**Directions for this task:** All lines from the opening of the material up to and including the line with "hand arrange white letters as growth." should be transcribed exactly, pictures excepted.

**Data shown:**
++++++++
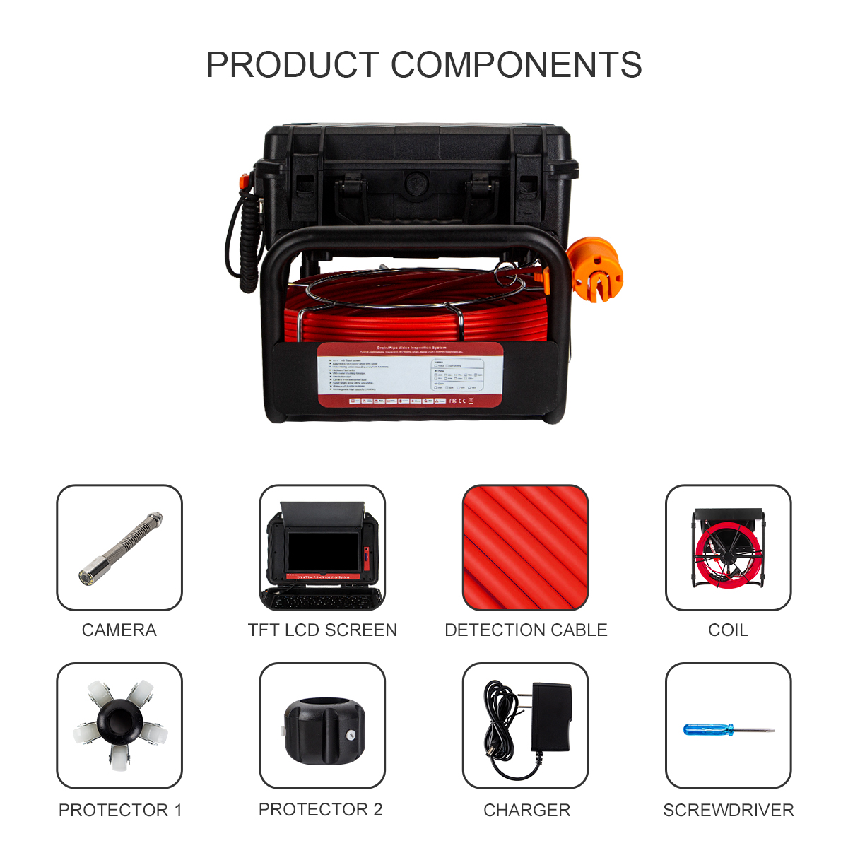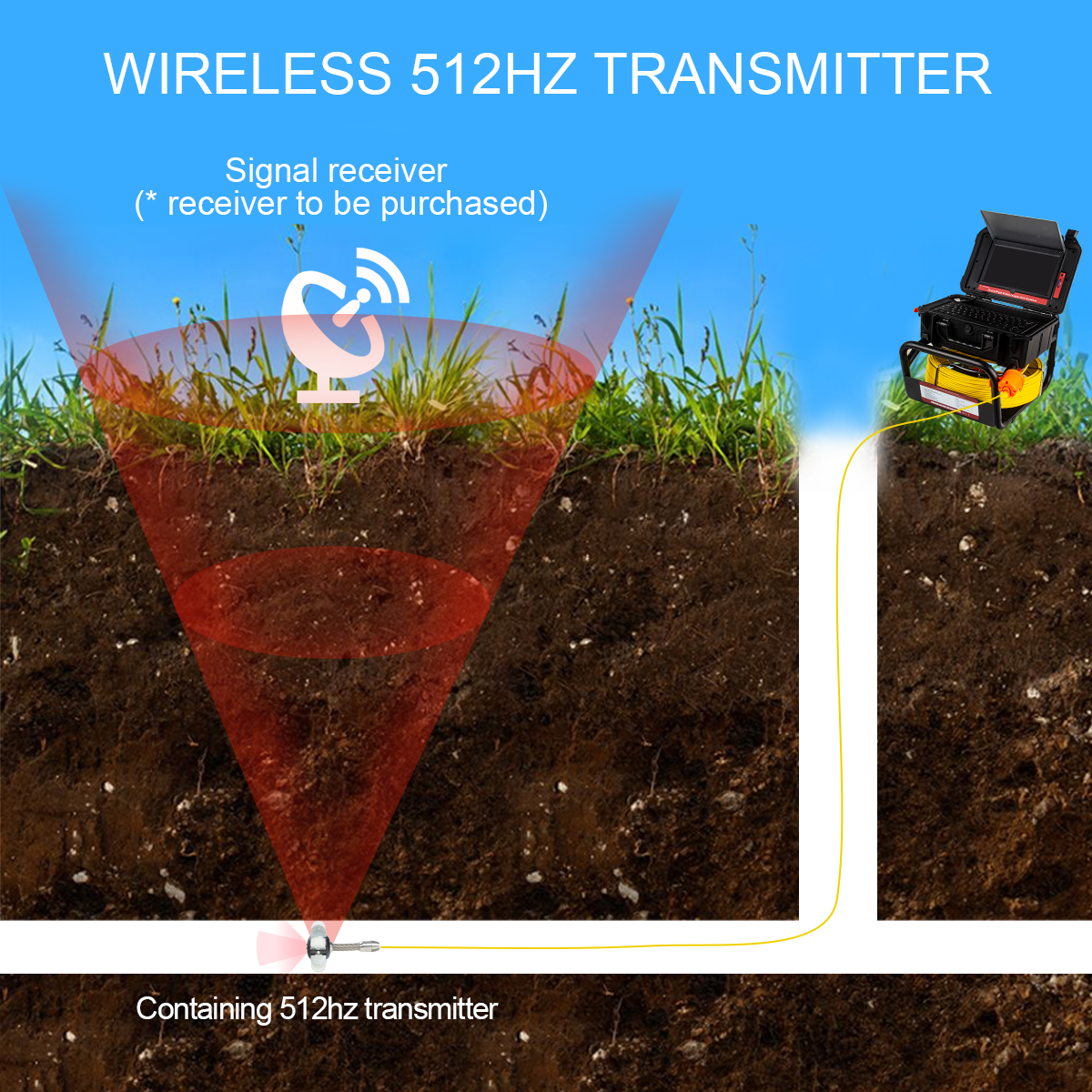 В эту эндоскопическую камеру встроен передатчик 512 Гц, который может легко обнаружить любую блокировку или интересующую область. Это значительно помогает сэкономить время от необходимости копать и находить проблему. Зонд передает сигнал частотой 512 Гц, который можно принять с помощью любого совместимого локатора, что позволяет точно определить положение передатчика под землей (локатор-приемник НЕ входит в комплект).
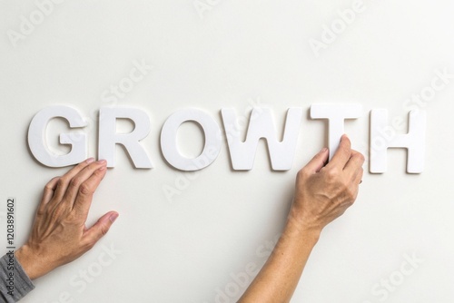 hand arrange white letters as growth.
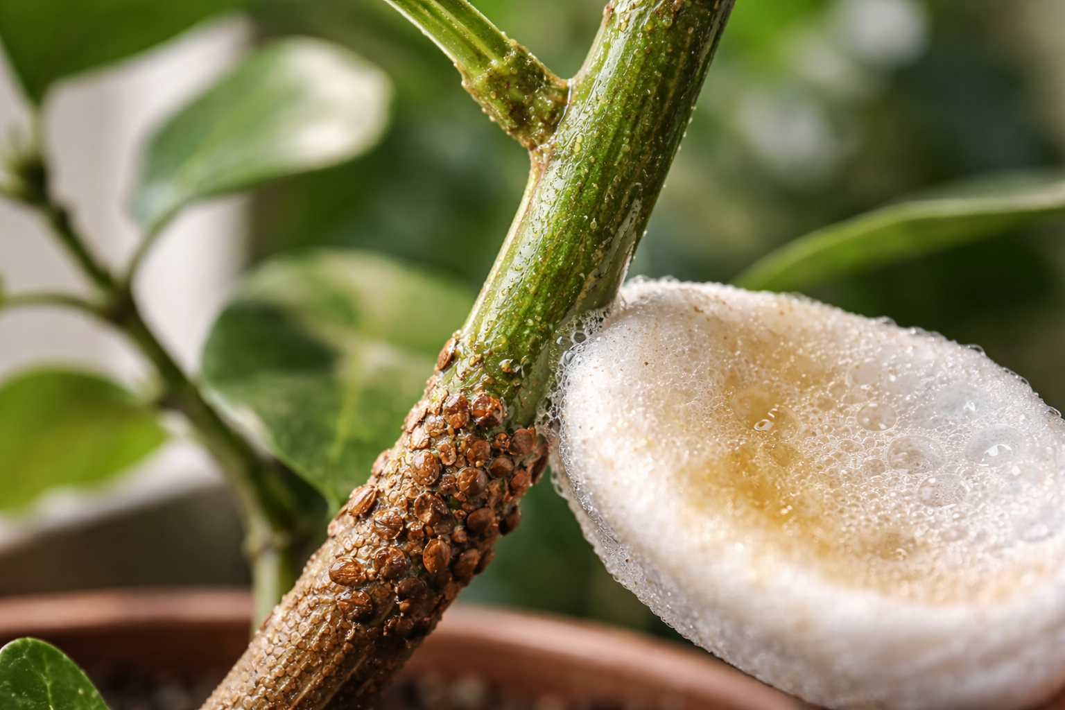 Процесът започва с внимателно отстраняване на черупки насекоми с четка, потопена в слаб спиртен разтвор или сапунена вода. Обърнете специално внимание на пазвите на листата и на долната страна на листната плоча покрай жилките.
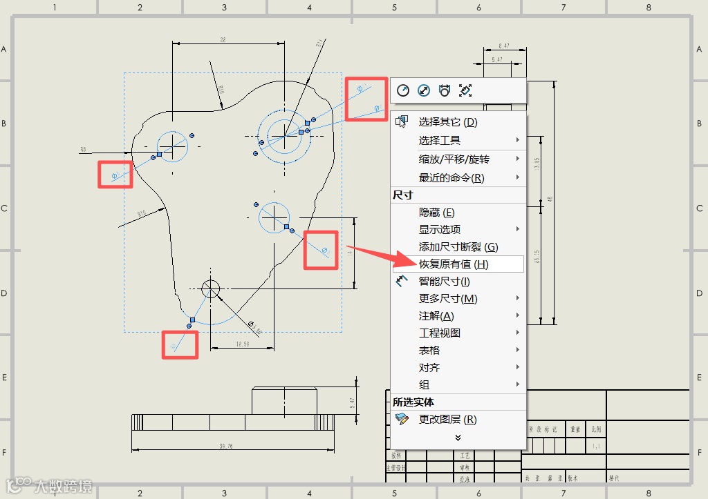 4. 快速恢复原值:找到高亮显示的覆盖尺寸后,无需进入属性管理器。选择(可以多选)尺寸并右键单击,在弹出菜单中选择“恢复原有值”,即可一键将其恢复为模型驱动的原始数值,极大减少了鼠标操作轨迹。
++++++++
**Exercise solution:**
 В эту эндоскопическую камеру встроен передатчик 512 Гц, который может легко обнаружить любую блокировку или интересующую область. Это значительно помогает сэкономить время от необходимости копать и находить проблему. Зонд передает сигнал частотой 512 Гц, который можно принять с помощью любого совместимого локатора, что позволяет точно определить положение передатчика под землей (локатор-приемник НЕ входит в комплект).
 hand arrange white letters as growth.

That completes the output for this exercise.